**Task brief**
Each entry is to be retyped without alteration, and no picture is to be included.

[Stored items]
···
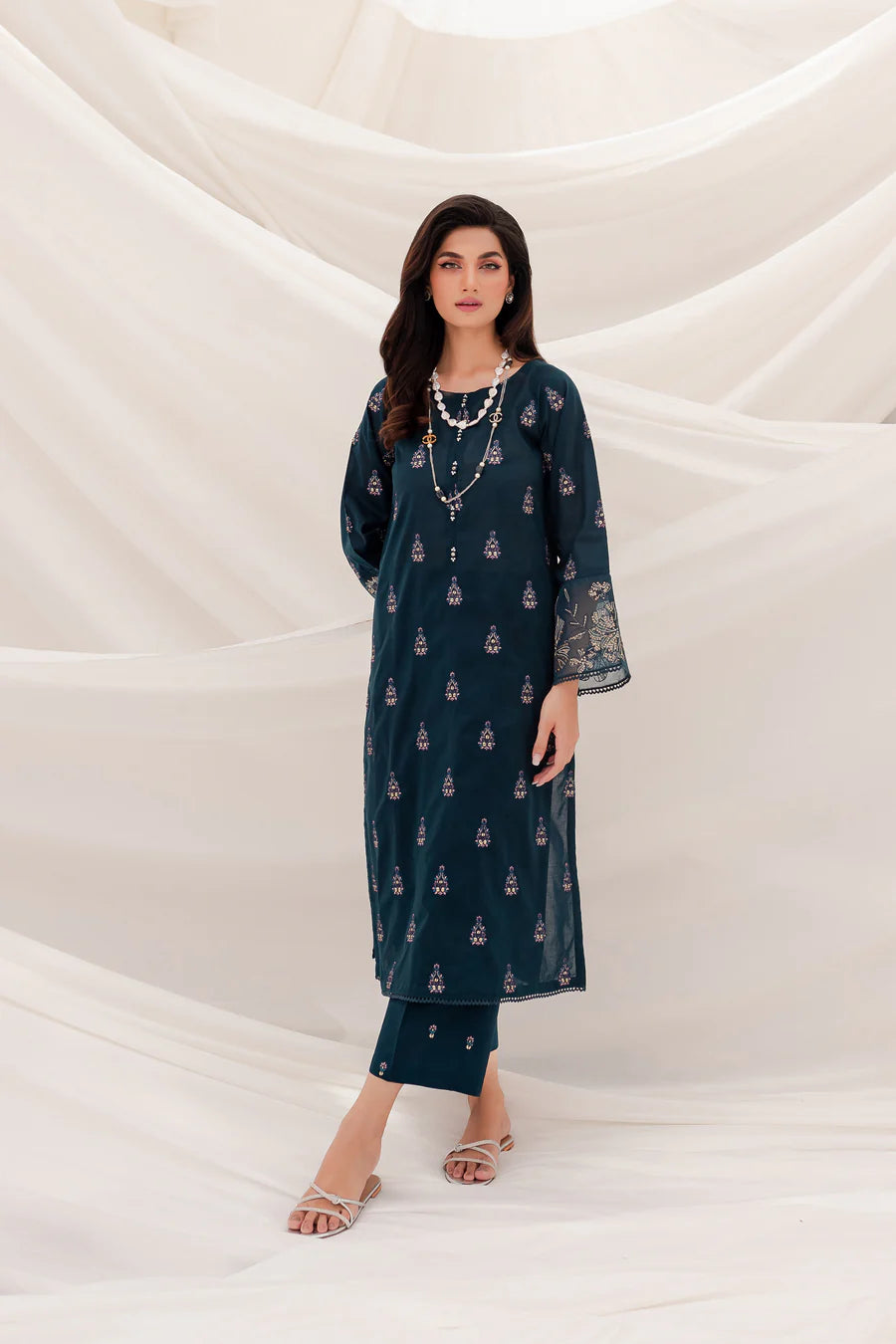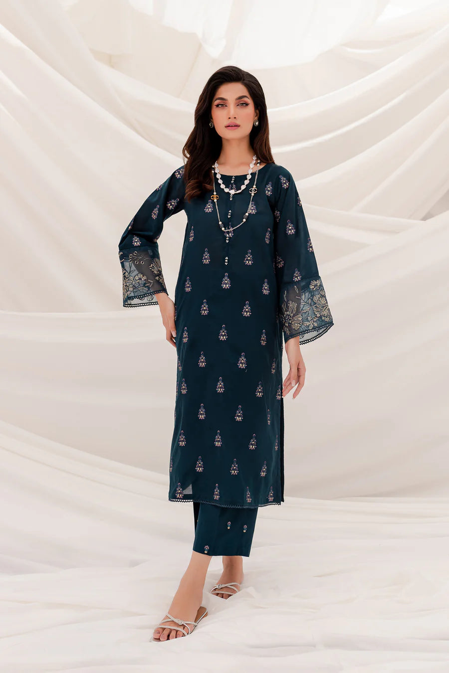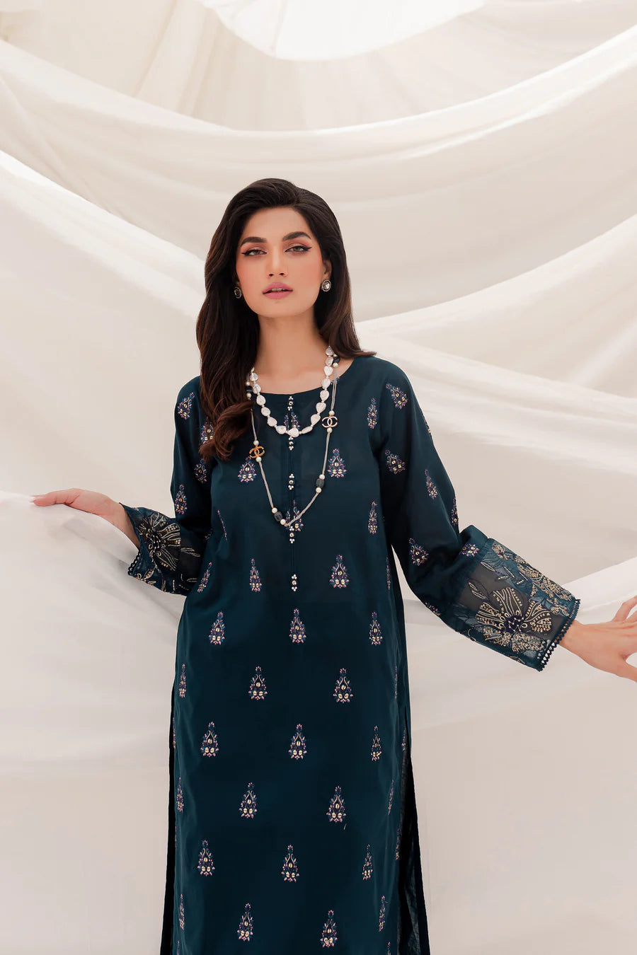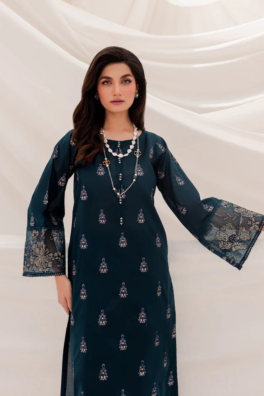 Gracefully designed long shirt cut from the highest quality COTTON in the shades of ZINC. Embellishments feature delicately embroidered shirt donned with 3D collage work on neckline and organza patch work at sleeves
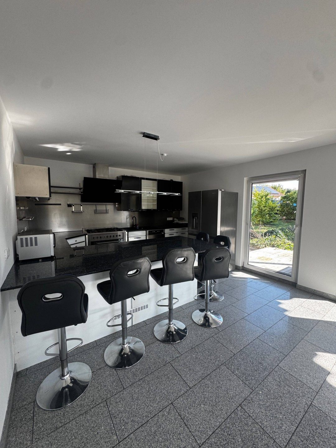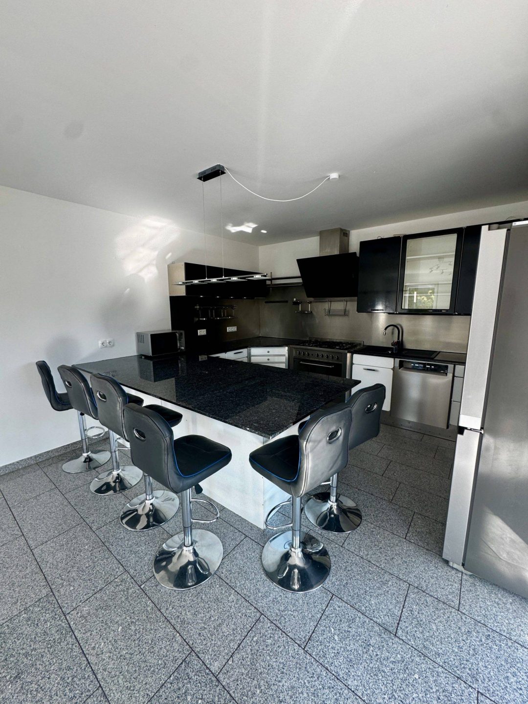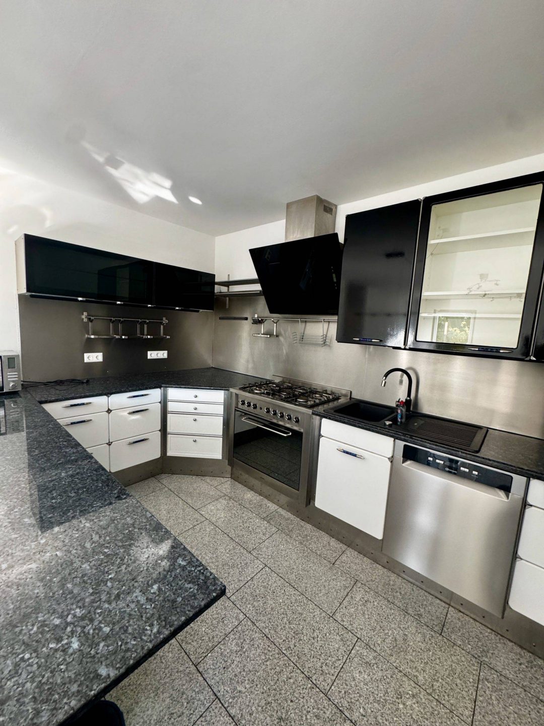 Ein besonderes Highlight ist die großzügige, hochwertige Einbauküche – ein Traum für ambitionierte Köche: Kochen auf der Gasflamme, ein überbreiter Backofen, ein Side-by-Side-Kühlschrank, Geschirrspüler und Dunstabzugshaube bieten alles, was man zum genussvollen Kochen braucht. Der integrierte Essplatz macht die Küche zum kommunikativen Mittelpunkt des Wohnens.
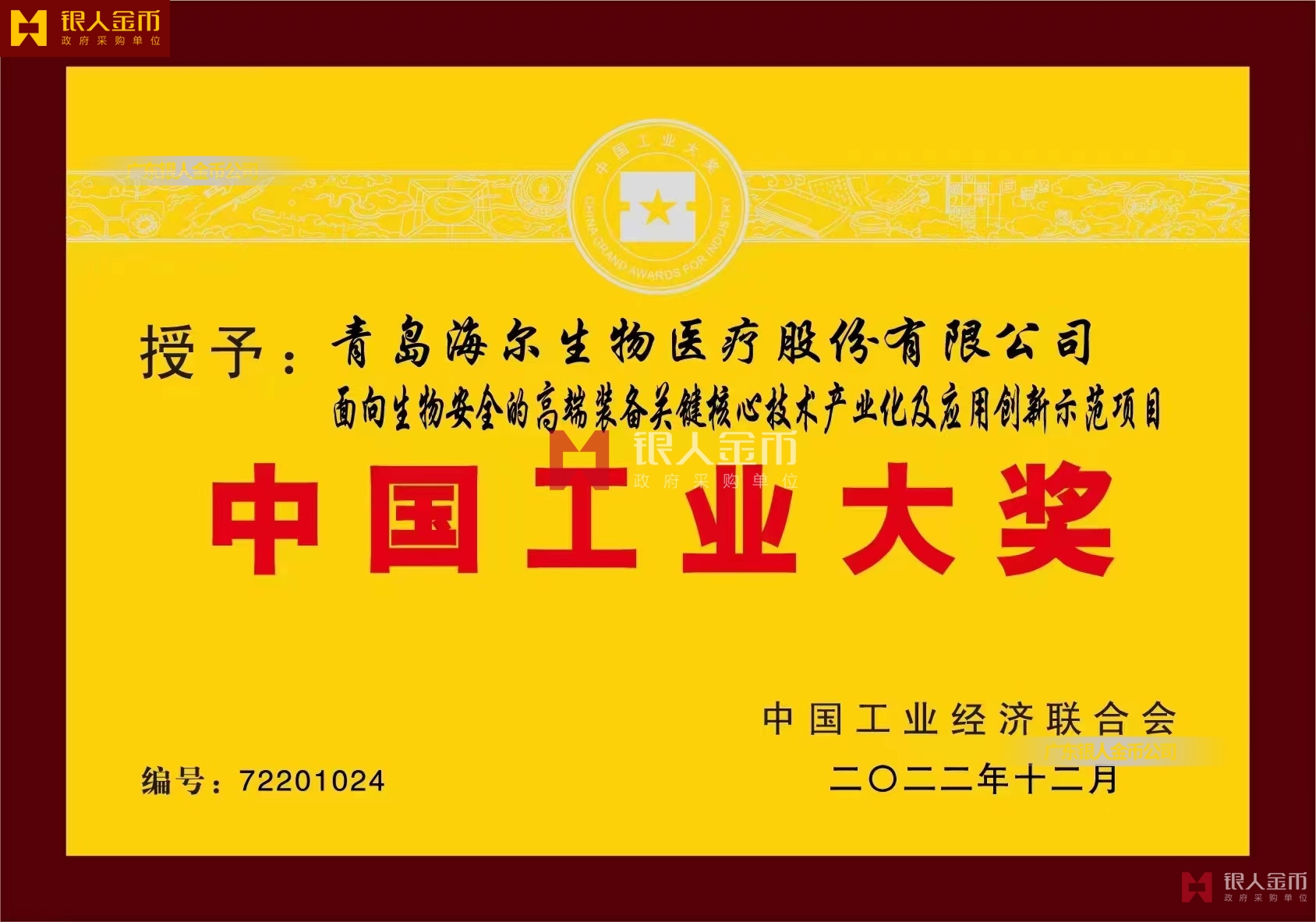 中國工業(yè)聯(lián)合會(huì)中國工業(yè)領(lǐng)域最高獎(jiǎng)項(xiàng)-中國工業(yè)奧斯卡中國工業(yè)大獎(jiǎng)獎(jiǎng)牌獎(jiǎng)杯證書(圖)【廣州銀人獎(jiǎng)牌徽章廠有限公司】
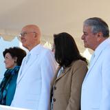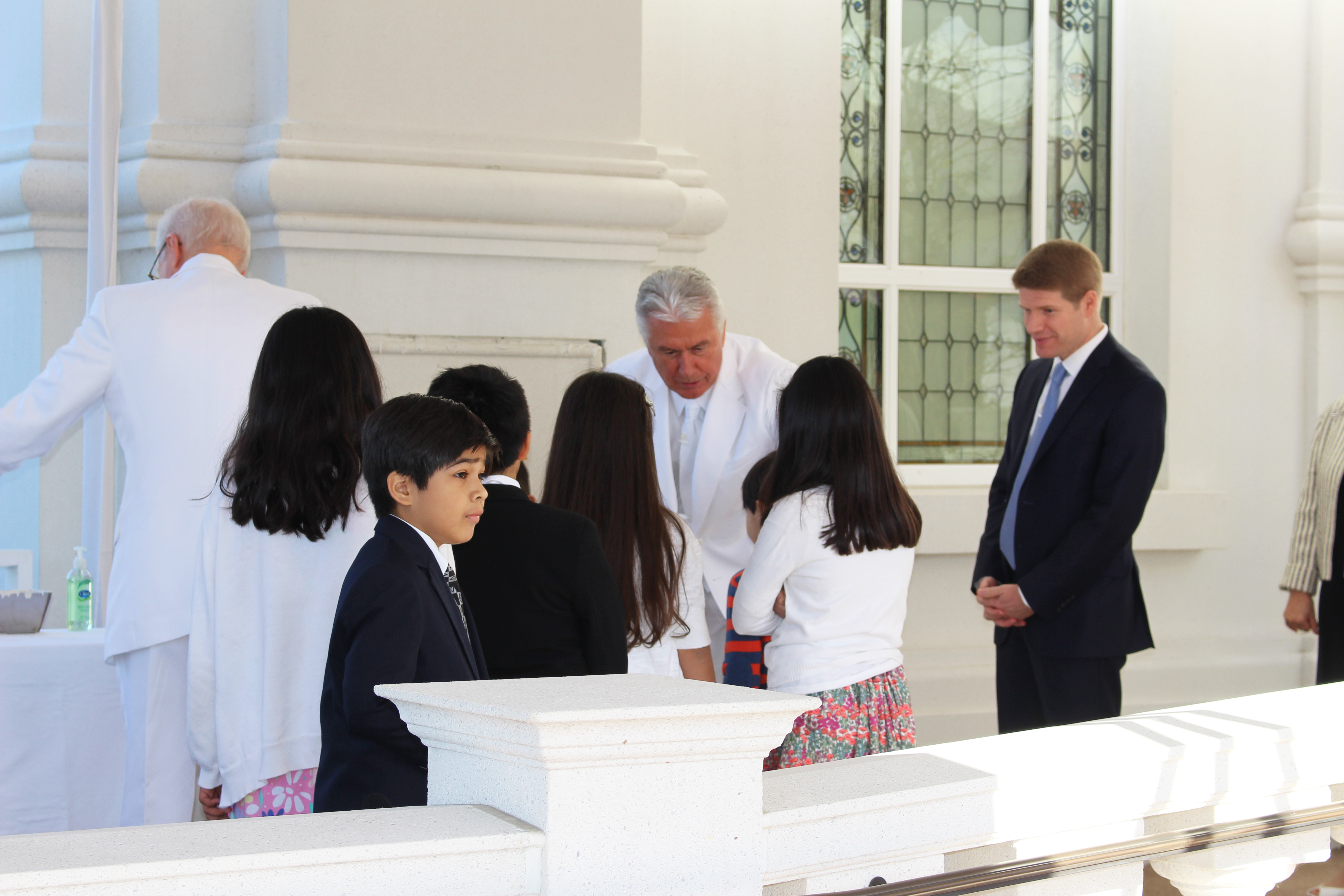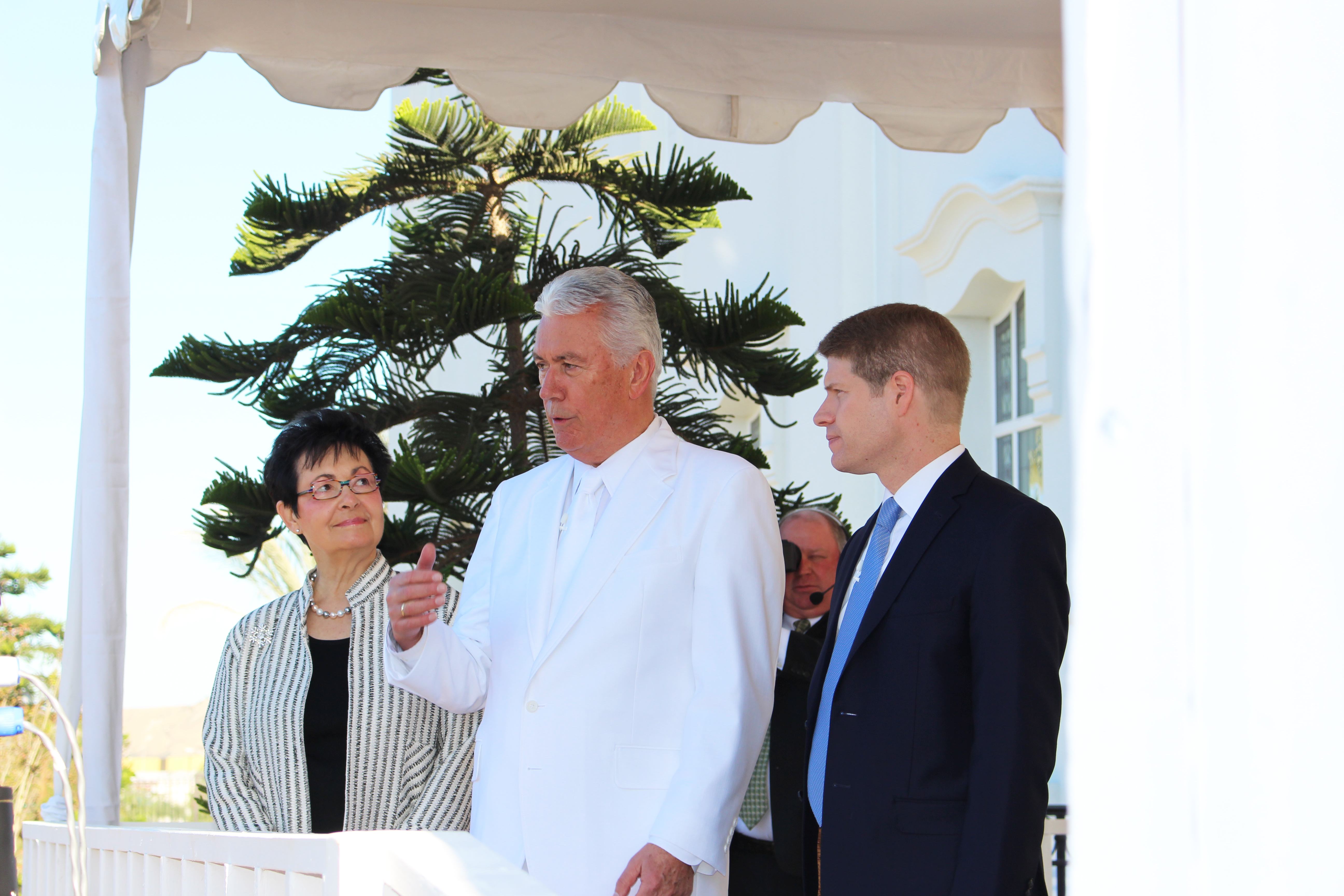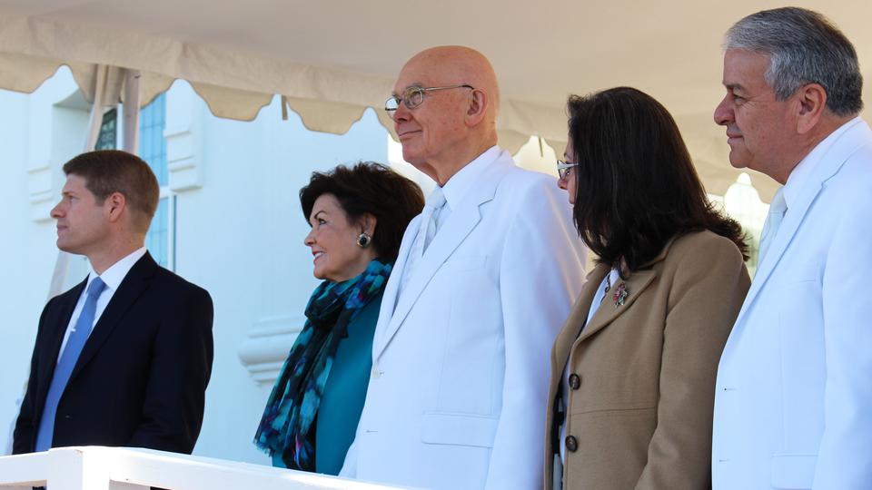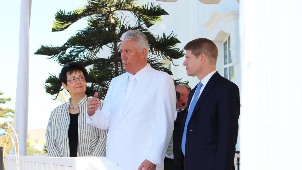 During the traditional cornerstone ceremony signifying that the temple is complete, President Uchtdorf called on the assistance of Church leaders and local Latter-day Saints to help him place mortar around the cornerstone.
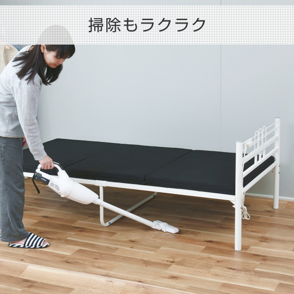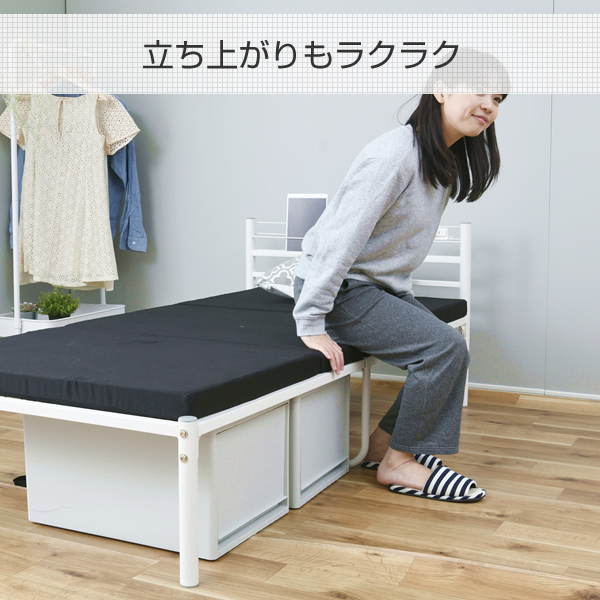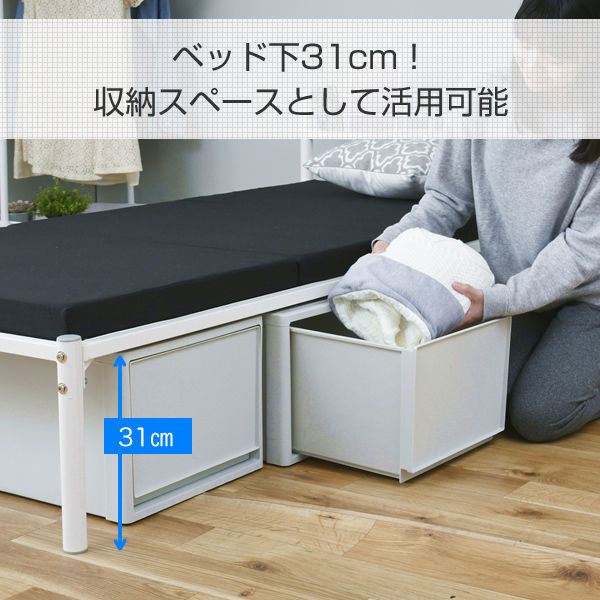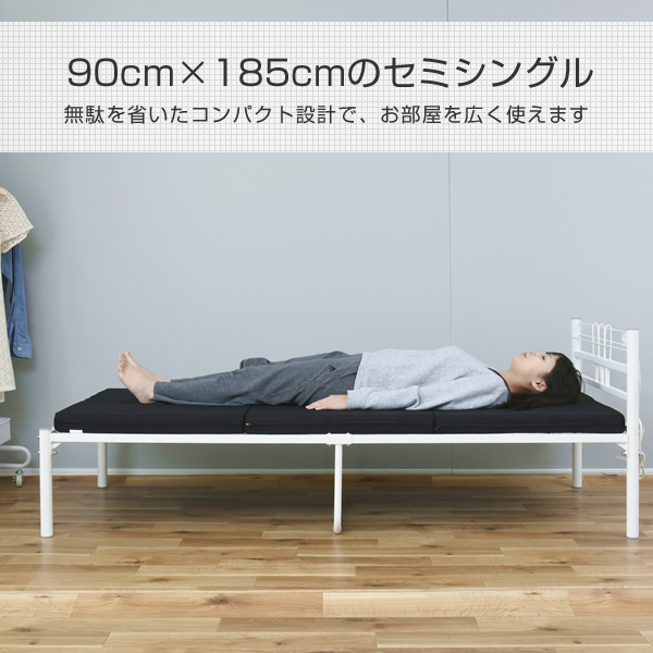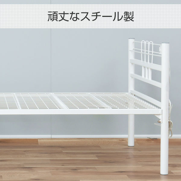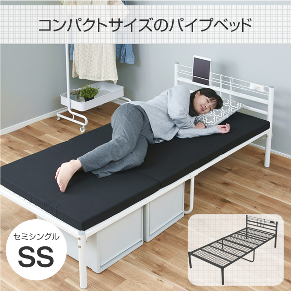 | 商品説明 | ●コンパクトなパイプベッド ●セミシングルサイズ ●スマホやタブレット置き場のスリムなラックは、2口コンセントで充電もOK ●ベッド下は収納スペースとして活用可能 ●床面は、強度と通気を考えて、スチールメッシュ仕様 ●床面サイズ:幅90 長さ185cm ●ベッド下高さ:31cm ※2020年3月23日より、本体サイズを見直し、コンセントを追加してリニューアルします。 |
···
**Response box**
 Gracefully designed long shirt cut from the highest quality COTTON in the shades of ZINC. Embellishments feature delicately embroidered shirt donned with 3D collage work on neckline and organza patch work at sleeves
 Ein besonderes Highlight ist die großzügige, hochwertige Einbauküche – ein Traum für ambitionierte Köche: Kochen auf der Gasflamme, ein überbreiter Backofen, ein Side-by-Side-Kühlschrank, Geschirrspüler und Dunstabzugshaube bieten alles, was man zum genussvollen Kochen braucht. Der integrierte Essplatz macht die Küche zum kommunikativen Mittelpunkt des Wohnens.
 中國工業(yè)聯(lián)合會(huì)中國工業(yè)領(lǐng)域最高獎(jiǎng)項(xiàng)-中國工業(yè)奧斯卡中國工業(yè)大獎(jiǎng)獎(jiǎng)牌獎(jiǎng)杯證書(圖)【廣州銀人獎(jiǎng)牌徽章廠有限公司】
 During the traditional cornerstone ceremony signifying that the temple is complete, President Uchtdorf called on the assistance of Church leaders and local Latter-day Saints to help him place mortar around the cornerstone.
 | 商品説明 | ●コンパクトなパイプベッド ●セミシングルサイズ ●スマホやタブレット置き場のスリムなラックは、2口コンセントで充電もOK ●ベッド下は収納スペースとして活用可能 ●床面は、強度と通気を考えて、スチールメッシュ仕様 ●床面サイズ:幅90 長さ185cm ●ベッド下高さ:31cm ※2020年3月23日より、本体サイズを見直し、コンセントを追加してリニューアルします。 |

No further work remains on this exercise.